Redivis
Redivis is a powerful data querying and analysis platform built specifically with researchers in mind. Redivis is constructed on top of Google Cloud's BigQuery engine, which makes working with Big Data on the multi-TB scale much faster. Data manipulation and queries that may take many hours to run on computing systems like the Yen servers, can take seconds on Redivis.
Why Redivis?
It has always been a major challenge to find a computing and storage solution for Big Data analysis that is intuitive for less technical researchers while still being powerful enough to support intensive data manipulation and queries. There are plenty of potential solutions including locally-hosted database servers and cloud-hosted services (AWS Athena, AWS Redshift, AWS RDS, Google Cloud BigQuery, etc.), but they can be very costly, time consuming to set up, cryptic to manage, unintuitive to use, or some combination of all of the above. The Redivis platform provides the best balance of all of these factors and is our default solution for hosting large datasets for researchers at the GSB.
Furthermore, Redivis has particular points of emphasis on data security and access controls, creating a safe environment for collaborative research work with all types of data.
Data Security
Unlike the Yen cluster, which is only approved for Moderate risk data, Redivis is approved for High risk data. This includes highly-sensitive data such as social security numbers and protected health information (PHI). This is possible, because Redivis has a number of protective measures built into the platform.

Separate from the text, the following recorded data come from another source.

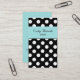 Carte de visite élégant de dames, fait dans un motif de point noir et blanc de polka. Une rayure audacieuse bleu vert, à travers le dessus, et le dos solide d'aigue-marine a le texte noir prêt à personnaliser avec votre information. Un beau tient la carte grande pour n'importe quel genre de profession ou d'affaires.
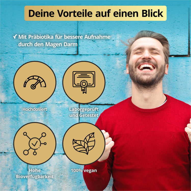 Die empfohlene tägliche Verzehrmenge darf nicht überschritten werden. Nahrungsergänzungsmittel sind kein Ersatz für eine ausgewogene und abwechslungsreiche Ernährung. Für kleine Kinder unzugänglich aufbewahren.
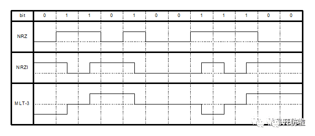MLT-3:multi-level transit-3,多电平传输码,有+1、0、-1三种电平,当序列中发送的是bit1,电平则发生跳变,如果序列中发送的是bit0,则不跳变,跳变时,如果前一个bit是+1或者-1,则下一个bit变为0,如果前一个bit是0,则下一个bit与最近的一个非0bit相反,这种编码由于有三种电平跳变,直流平衡要好于前两种;
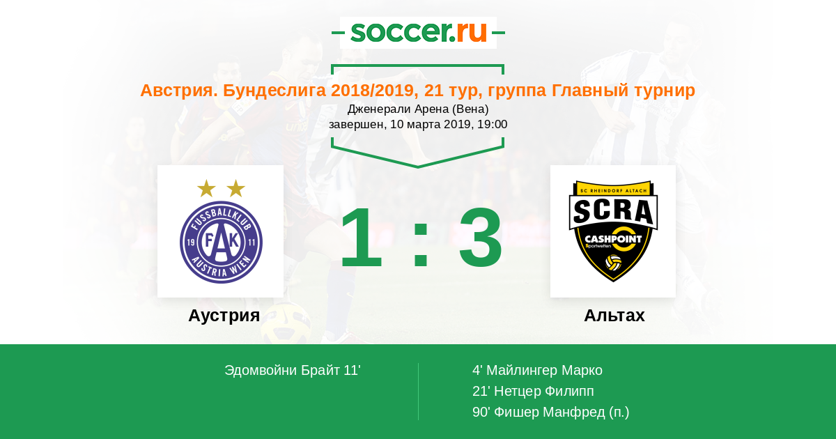 Матчи Австрия. Бундеслига 2018/2019
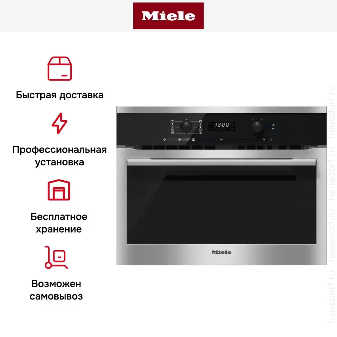 | Дополнительные параметры | Дисплей EasyControl Точная регулировка температуры Электронное управление мощностью СВЧ Функция поддержания тепла Кухонный будильник Сохранение настроек времени при отключении Программирование «Старт-Стоп» Программируемое время приготовления пищи Рекомендация температуры Звуковой сигнал при достижении требуемой температуры Рекомендуемая мощность СВЧ для каждого режима работы Быстрый старт Фронт из нержавеющей стали с покрытием CleanSteel Защитное отключение Контактный выключатель в дверце |

The fact that Redivis has been approved for High risk data makes it a unique data processing platform at Stanford University and serves as a viable hosting option for researchers negotiating with data vendors for sensitive data.
Learn More
Visit our Security page to learn more about what data and information security mean at both Stanford GSB and Stanford University.
Fine-Grained Access Control
Redivis offers fine-grained access control to most facets of its platform, including at the levels of
- Organization -- Who is able to access or apply to access to datasets within an organization?

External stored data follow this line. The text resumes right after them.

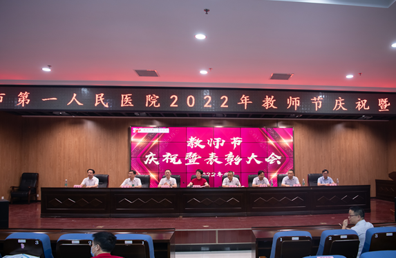 為增強(qiáng)廣大臨床教師獻(xiàn)身教育事業(yè)的信念,提高醫(yī)院教學(xué)管理水平和教育質(zhì)量,9月9日下午,在全國第38個(gè)教師節(jié)即將到來之際,郴州市第一人民醫(yī)院召開2022年教師節(jié)慶祝暨表彰大會。會議對過去一年醫(yī)院教育教學(xué)工作進(jìn)行了總結(jié),對醫(yī)院教育教學(xué)先進(jìn)集體和優(yōu)秀個(gè)人進(jìn)行表彰。醫(yī)院領(lǐng)導(dǎo)班子全體成員出席大會,醫(yī)院各教研室主任、帶教老師代表、學(xué)生代表200余人參加。
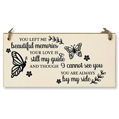 You Left Me Beautiful Memories Always By My Side Sympathy Memory Handmade Wooden Hanging Wall Plaque Sentimental Gift
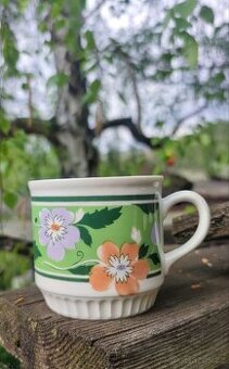 Starý hrneček, pohled na něj hladí duši jako pohlazení sluncem po dešti. Vzácný kousek historie, starý retro hrneček, který s sebou nese šepot dávných časů z dob Československa. Nechť tento starý retro hrneček s barevným motivem květů z Československa přinese do vašeho domova kousek romantiky a vzpomínek. #retro #retrohrnek #retrokubek #nostalgia #starozitnosti #vintage #vintagehrnek
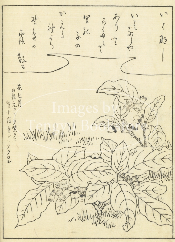 江戸中期に刊行された植物の絵手本「絵本福寿草」からの一枚。
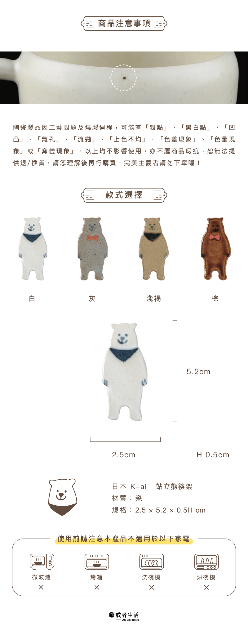 ●陶瓷製品因工藝問題及燒製過程,可能有「雜點」、「黑白點」、「凹凸」、「氣孔」、「流釉」、「上色不均」、「色差現象」、「色暈現象」或「窯變現象」,以上均不影響使用,亦不屬商品瑕疵
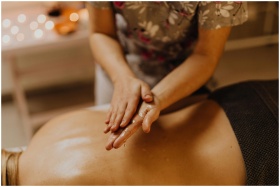 Hands massaging a person's oiled back in a calming
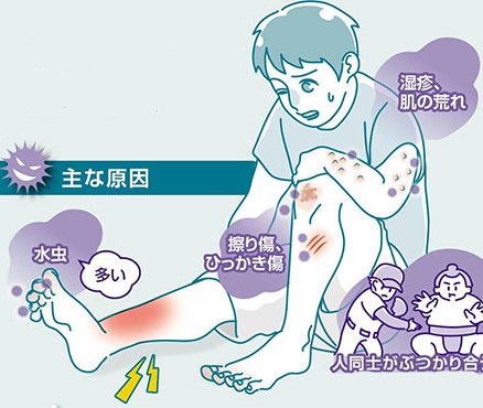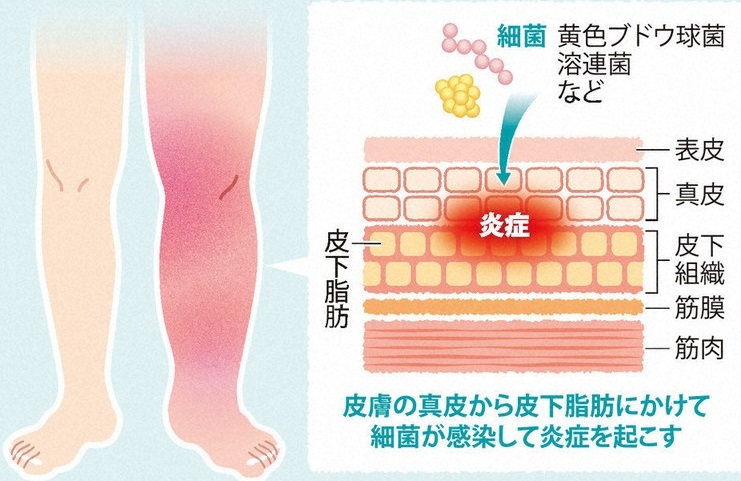 以前、高齢者施設で足の皮膚が赤く腫れてるのをよく見かけましたが、何かばい菌入って腫れてるのかなと思ってましたが、それこそ蜂窩織炎でした。原因となる菌は、ブドウ球菌や溶血性連鎖球菌(溶連菌)などです。連鎖球菌は、感染範囲を抑えようとする組織の働きを妨げる酵素を作り出し急速に広がります。また、ブドウ球菌は覆われていない傷口や皮膚膿瘍(膿がたまった空洞)の周りに生じます。感染が広がってしまうと感染部位に近いリンパ節が腫れて、リンパ管が炎症を起こすこともあります。明らかな傷がない場合でも起こることがありますので、適度な運動を習慣にして免疫力を落さないようにしてくださいね。
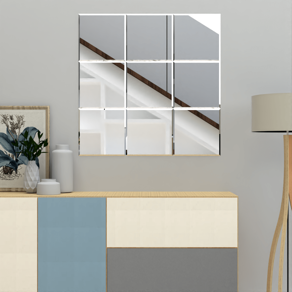 espejo cuadrado se compone de 9 piezas con bisel, ensamble a la pared con cinta doble faz
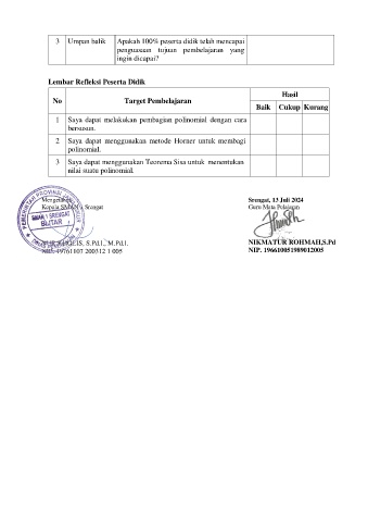 3 Umpan balik Apakah 100% peserta didik telah mencapai

- Dataset -- Who is able to use or edit a particular dataset? How much of a dataset can an individual member see?
- Export -- Can a subset or derivative of a dataset be exported? If so, to what environment? How much data can an individual export?
- Worfklow -- Who is able to see, copy, or edit the work done in a workflow?
These straightforward access controls make the platform flexible for both administrators and researchers alike to manage datasets and research work.
Getting Access
Access to Organization
The GSB has their own Redivis organization (StanfordGSBLibrary) within the greater Stanford Data Farm pool of organizations. To join the GSB's Redivis organization, follow the directions on this page. After you join the organization, you can start using the datasets that are already available to you.
Once you have a Redivis account, you can also join the organization hosted by Stanford Libraries (SUL), which features an array of datasets that may be of interest to GSB researchers. Note that the set of datasets in this organization is not maintained by the GSB so you should contact Research Data Services at SUL instead for support.
Access to Datasets
There are a number of datasets hosted in the StanfordGSBLibrary organization that require additional approval. You will need to apply for access to these datasets individually.
Where Do I Start?
To start, Redivis has extensive documentation about their platform, which even includes example workflows that discuss specific data pipelines and use cases.
We recommend watching the video below for a quick overview:
Learn More
Read our blog post covering key use cases and helpful tips for Redivis based on our experience with the platform and working with other users.
When Do I Use Redivis?
The Redivis platform is best used when you want to...
-
Initially explore and query datasets hosted in the StanfordGSBLibrary Redivis organization
You do not need to start by exporting entire tables within datasets or querying data via the Redivis API.
-
Subset or aggregate large datasets (multi-TB) for further processing elsewhere
Leveraging the BigQuery-backed data transforms within Redivis for this type of data processing will be faster and more efficient for you compared with using your laptop or the Yen cluster.
-
Merge small personal datasets, like Excel spreadsheets, with data hosted on Redivis
With the ability to create your own datasets within your own account and to upload your own lists, you can perform dataset merging operations within the Redivis platform and forego exporting data outside Redivis.
-
Work with High risk data
Although there are other options at Stanford for working with Big Data that is classified as high risk (Nero GCP), Redivis is fully approved and offers performant computing resources out-of-the-box that would otherwise need to be configured on your own.
Where Do I Ask for Help?
Depending on the nature of your question, there are several places that you can go for help:
- For Redivis platform-specific questions, you can join the #redivis-users Slack channel hosted for GSB researchers and ask questions there.
- For questions about access to datasets hosted on the StanfordGSBLibrary Redivis organization, email the GSB Research Data Coordination team.
- For questions about hosting your own large datasets on Redivis, email the GSB Data, Analytics, and Research Computing (DARC) team.
- For questions about the content of specific datasets hosted on the StanfordGSBLibrary Redivis organization, fill out the GSB Library Ask Us form.
Storage Costs
The DARC team is happy to perform the technical work to help GSB faculty researchers host datasets on Redivis, but there are associated storage costs on the Redivis platform that will need to be covered by the researcher.